By S. Lewis, Kaycee A. Quarles, Yujing Yang, Melanie Tanguy, Lise Frézal, Stephen A. Smith, Prashant P. Sharma, Richard Cordaux, Clément Gilbert, Isabelle Giraud, David H. Collins, Phillip D. Zamore, Eric Miska, P. Sarkies, F.M. Jiggins

Posted 07 Sep 2017
bioRxiv DOI: 10.1101/185694 (published DOI: 10.1038/s41559-017-0403-4)
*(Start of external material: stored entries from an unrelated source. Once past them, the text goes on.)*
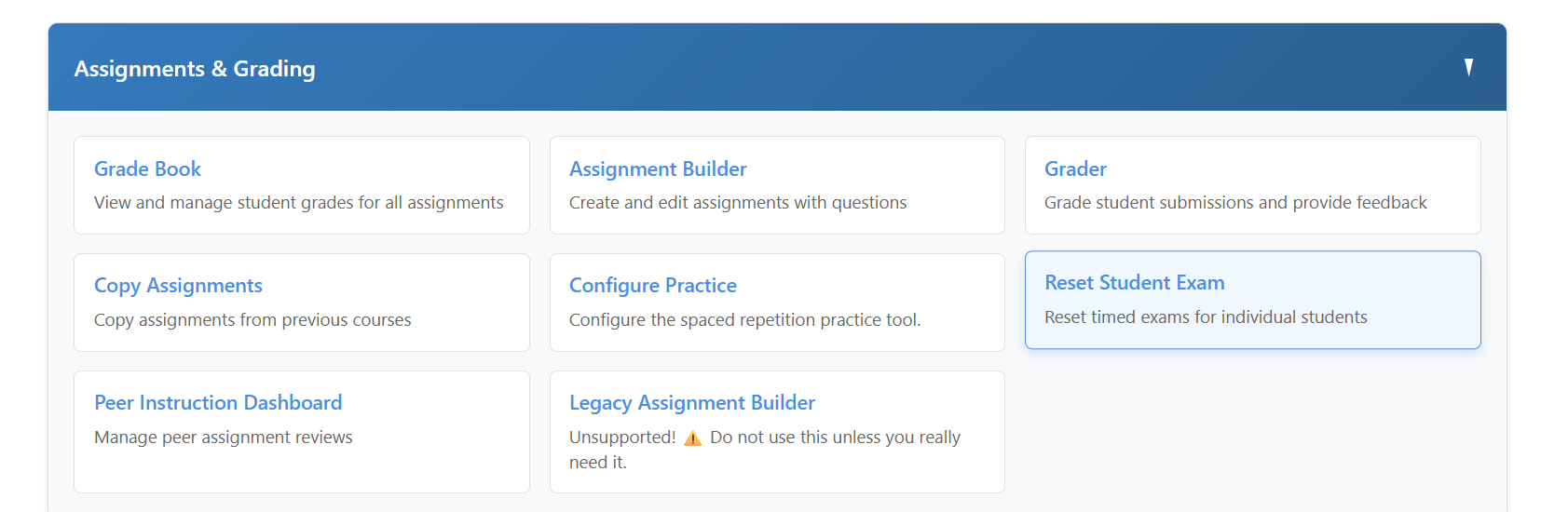 Subsection 6.4.2 Resetting an Exam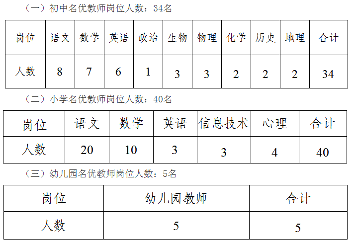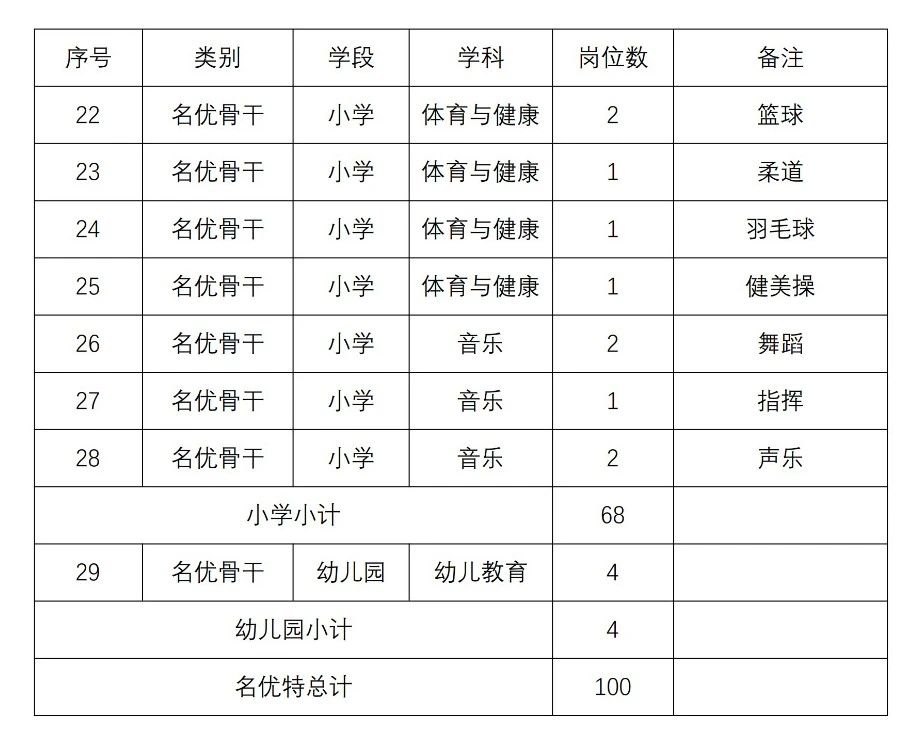 面向社会公开招聘特殊人才和名优骨干教师100名,其中特殊人才5名,名优骨干教师95名(含幼儿园教师4名、小学教师68名、初中教师23名)。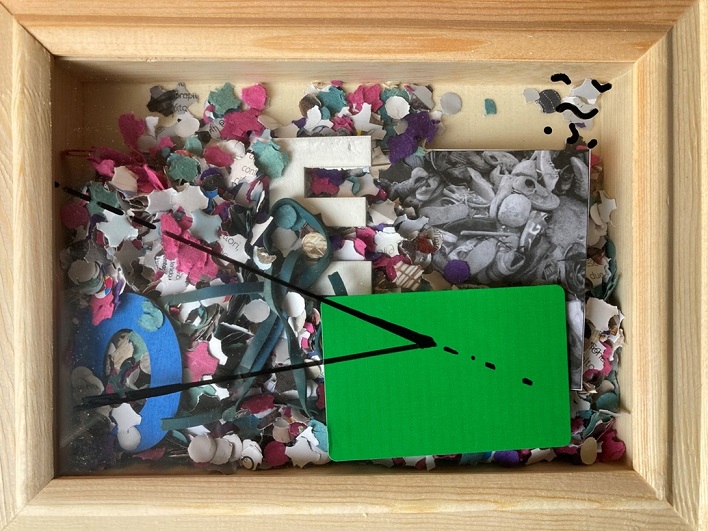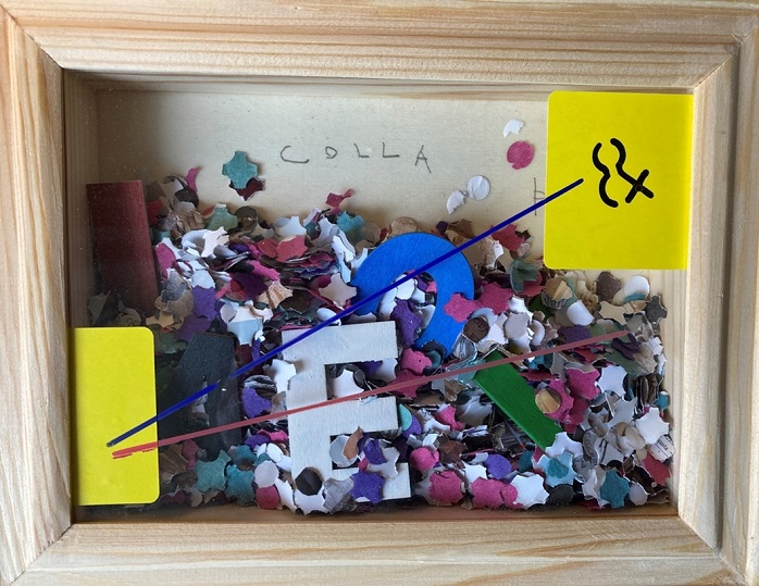 Nello spazio di una scatola (Frame): Protecting Small Boxes e frammenti di “micro-scritture” dove “cerco, all’interno dello spazio minimo e mentale di una scatola, nuove corrispondenze tra oggetti-parola e campi cromatici ricorrenti di cerchi e forme quasi quadratiche” (Sergio Armaroli) attraversando il mondo vocalico e cromatico per sovrapposizioni di piani e montaggio di luoghi. FUND/FOND: tra sfondo e reperto archeologico (guardando ai “microgrammi” di Robert Walser come omaggio all’opera di Joseph Cornell e alla sua toponomastica immaginaria).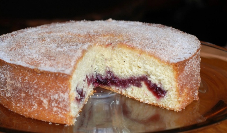 Нужны: 2 яйца, 1 упаковка кефира, 1 упаковка джема, 100 г сахара, 250 г муки, 1 ч. л. соды.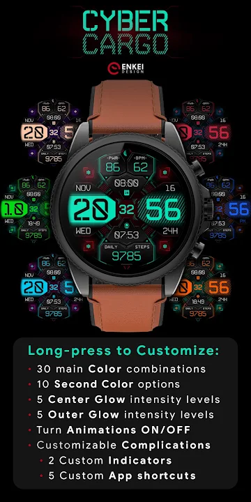 选择您喜欢的指示符、应用快捷方式,并组合您喜欢的颜色,创建独特的布局,彻底改变您的智能手表的外观和体验!
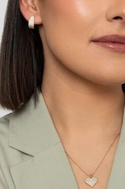 Gold Mini Hoops by Knight & Day. Elegant ladies gold hoop earrings with CZ stones in micro pavé setting.
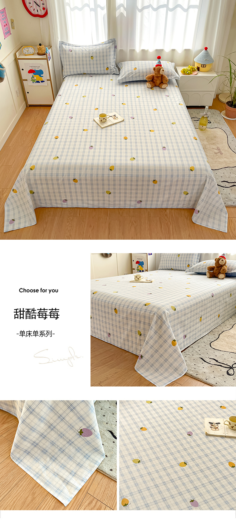 2025新款全棉印花小清新单品系列-单床单甜酷莓莓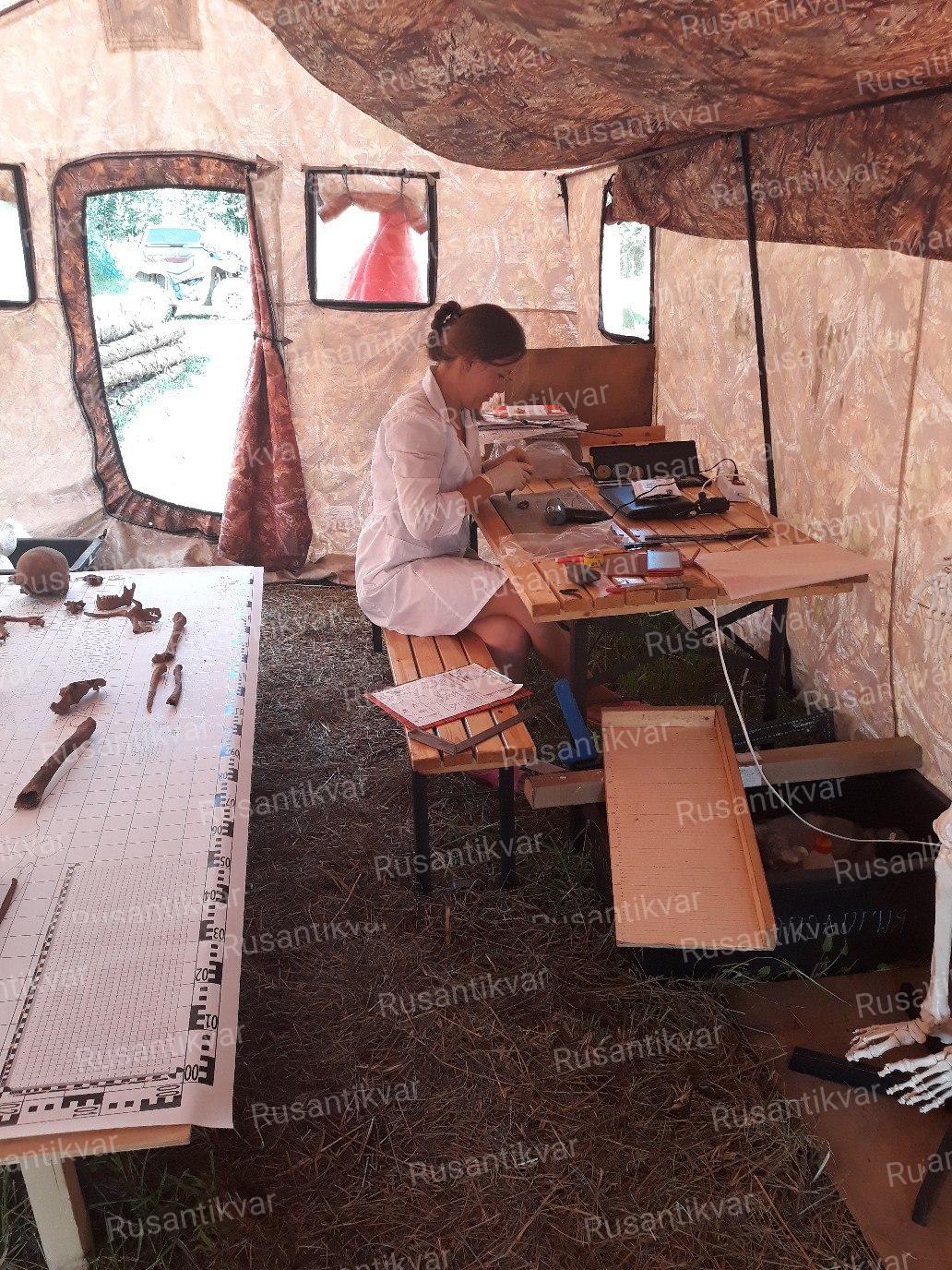 Обычно для работы антропологов организуется специальное место – антропологическая палатка или площадка. Но, если есть возможность, мы выезжаем на раскоп и работаем прямо на месте подъёма. Это позволяет сэкономить время и меньше тревожить останки средней или плохой сохранности. Кроме того, присутствие антрополога на раскопе бывает полезно, чтобы разобраться в расположении останков и очерёдности их поднятия, увидеть контекст их залегания: место, поза, что было рядом и т.д.

In animals, small RNA molecules termed PIWI-interacting RNAs (piRNAs) silence transposable elements (TEs), protecting the germline from genomic instability and mutation. piRNAs have been detected in the soma in a few animals, but these are believed to be specific adaptations of individual species. Here, we report that somatic piRNAs were likely present in the ancestral arthropod more than 500 million years ago. Analysis of 20 species across the arthropod phylum suggests that somatic piRNAs targeting TEs and mRNAs are common among arthropods. The presence of an RNA-dependent RNA polymerase in chelicerates (horseshoe crabs, spiders, scorpions) suggests that arthropods originally used a plant-like RNA interference mechanism to silence TEs. Our results call into question the view that the ancestral role of the piRNA pathway was to protect the germline and demonstrate that small RNA silencing pathways have been repurposed for both somatic and germline functions throughout arthropod evolution.